1945 The McCarran Ferguson Act
States that while the federal government has authority to regulate the insurance industry, it would not exercise its right if the insurance industry was regulated effectively and adequately on the state level. The minimum penalty of a producer who has obtained personal information about a client without having a legitimate reason to do so is a fine of $10,000
1970- Fair Credit Reporting Act
provides individuals privacy protection and fair and accurate credit reporting. The maximum penalty of a producer who has obtained consumer information reports under false pretenses is a fine of $5,000
1999 Gramm-Leach-Billey Act (Financial Services Modernization Act)
This law repealed the Glass-Steagall Act; this allows Banks, retail Brokerages and Insurance companies to enter each other’s line of business
2001 USA Patriot Act
Uniting and Strengthening America by Providing Appropriate Tools Required to Intercept and Obstruct Terrorism Act
designated to detect and deter terrorists and their funding by imposing anti-money laundering requirements on brokerage firms and financial institutions
2010 Patient Protection and Affordable Care Act (PPACA)
often shortened to the Affordable Care Act (ACA) represents one of the most significant regulatory overhauls and expansions of coverage in U.S. history
The National Association of Insurance Commissioners (NAIC)

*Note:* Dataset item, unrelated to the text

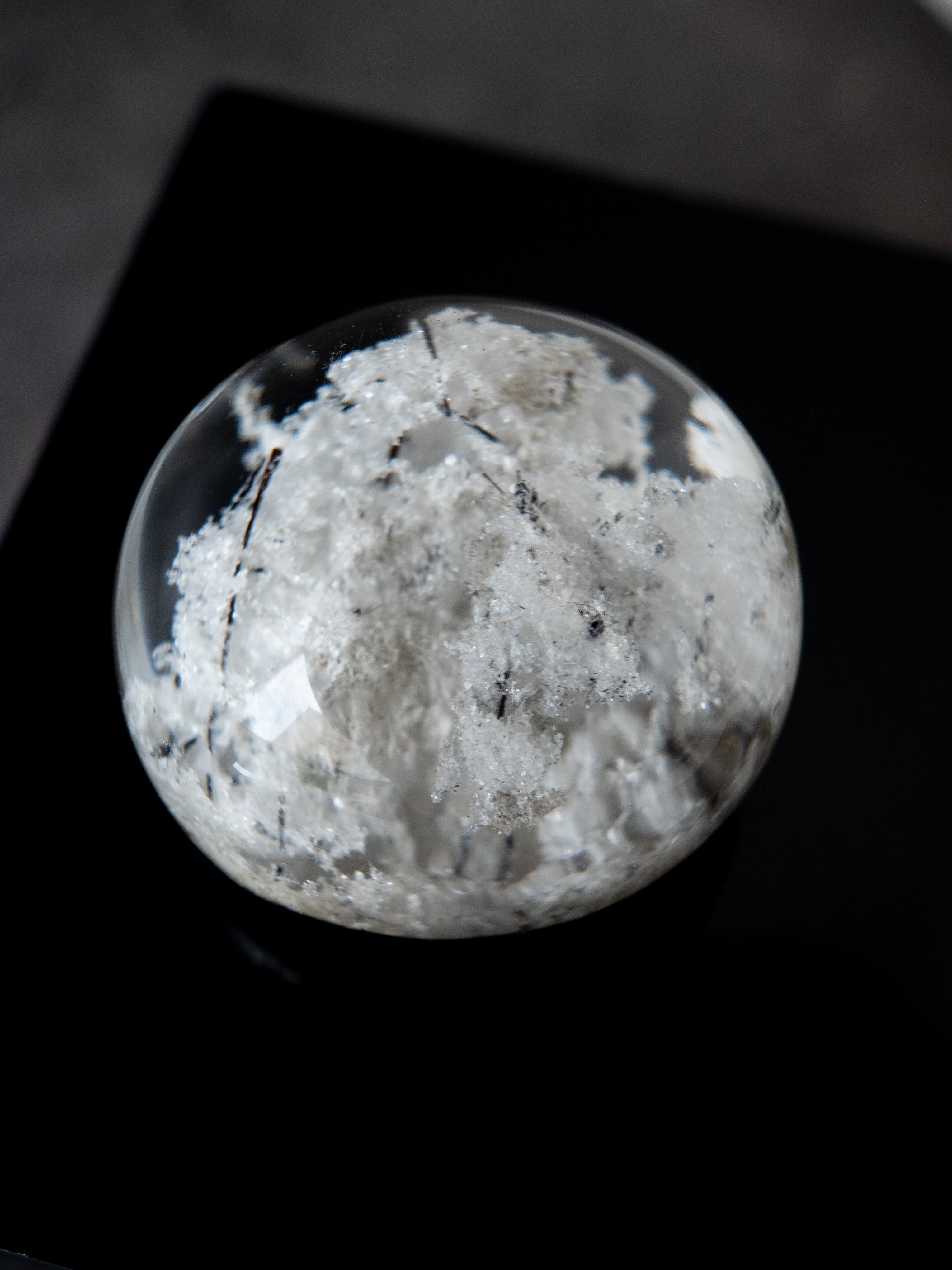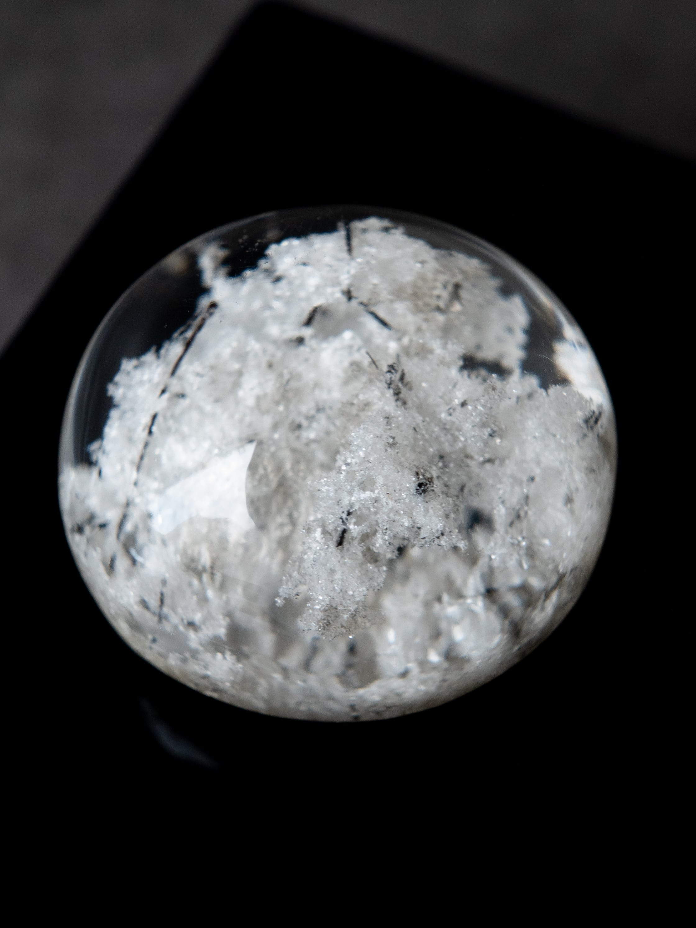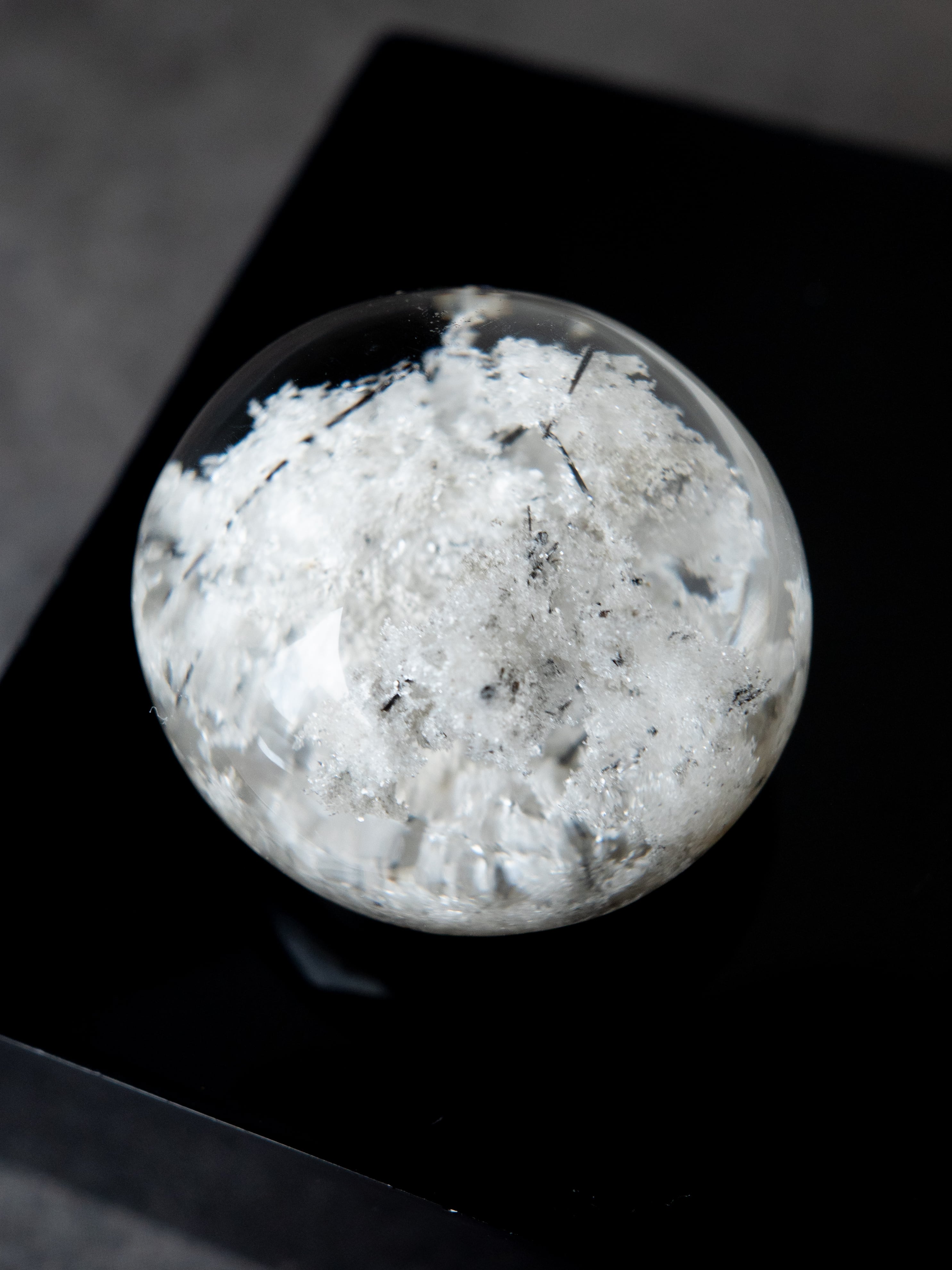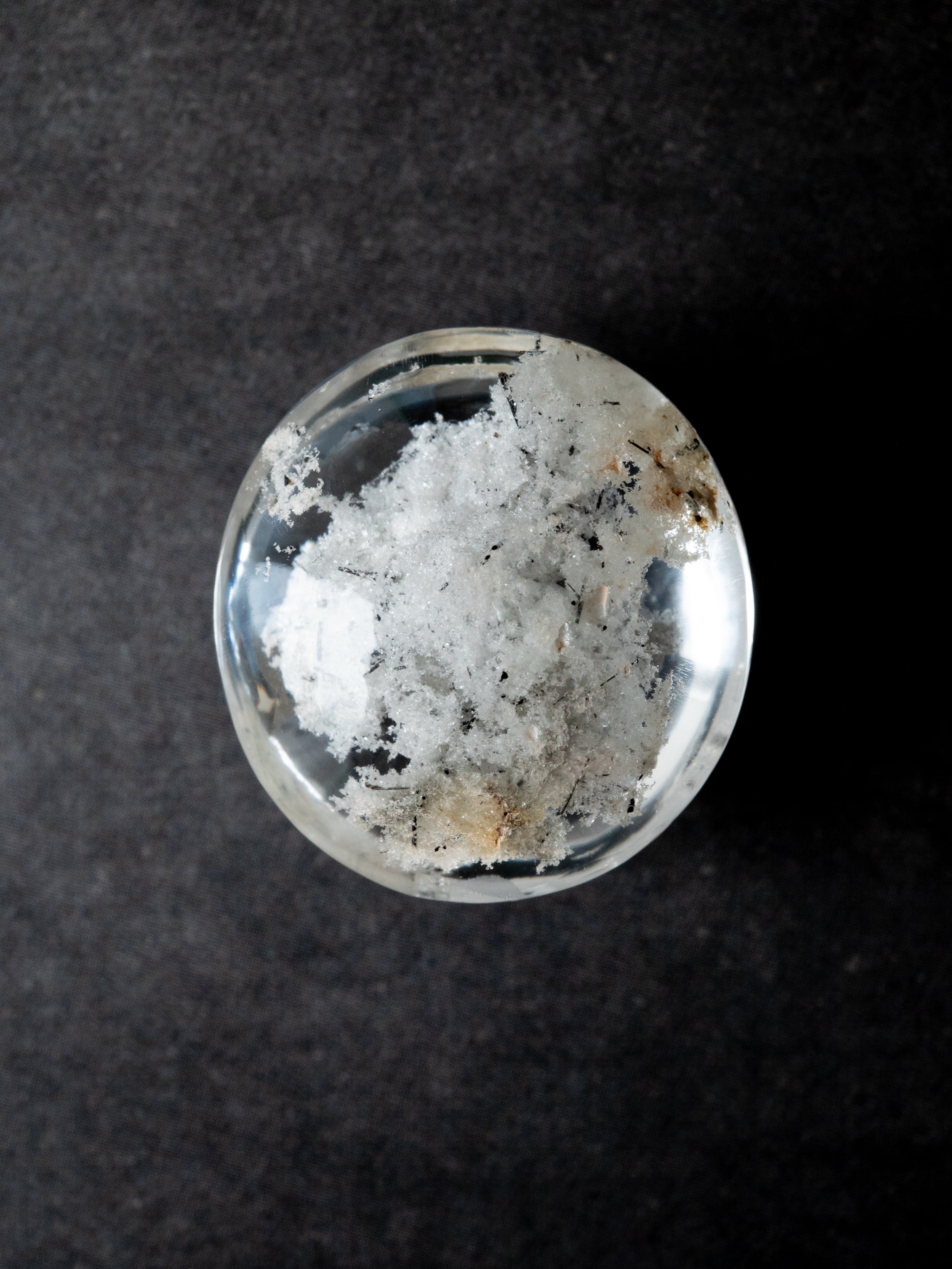 こちらはトルマリンを内包したタイプ。ブラックアンドホワイトのコンタラストがクールな印象のルースです。

an organization composed of insurance commissioners from all 50 states, the District of Columbia, and the 4 US territories. They recommend appropriate laws and regulations. They are responsible for the creation of the Advertising Code and the Unfair Trade Practices Act and the Medicare Supplement Insurance Minimum Standards Model Act
NAIC Objectives
- To encourage uniformity in the state insurance laws and regulations
- To assist in the administration of those laws and regulations by promoting efficiency
- To protect the interest of policy owners and consumers
- To preserve state regulation of the insurance business
Advertising Code
The code specifies certain words and phrases that are considered misleading and are not to be used in advertising of any kind.
Unfair Trade Practices Act
Gives the chief financial officer the power to investigate insurance companies and producers to impose penalties. The act gives officers the authority to seek a court injunction to restrain insurers from using any methods believed to be unfair
NAIFA ( National Association of Insurance and Financial Advisors)
NAHU ( National Association of Health Underwriters)
Members are life and health agents dedicated to supporting the industry and advancing the quality of service provided by insurance professionals
Buyers Guide
explains various types of life insurance products and other information on the recommended policy, such as premiums, dividends, and benefit amounts
Policy Summary
Help consumers evaluate the suitability of the recommended product
Reserves
the accounting measurements of an insurer’s future obligations to its policyholders. They are classified as liabilities on the insurance companies accounting statements since they must be settled at a future date. Reserves are set aside by an insurance company and designated for the payment of future claims
Liquidity
An insurer’s ability to make unpredictable payouts to policy owners
Guaranty Associations
Established by all states to support insurers and protect consumers in case an insurer becomes insolvent. Provides a safety net for all member life, health, and annuities insurers in a particular state. They protect insureds in the event of insurer insolvency, or inability to pay claims up to a certain limit.
Independent Rating Services
Credit rating agencies rate the financial strength and stability of insurers based on claims, reserves, and company profits.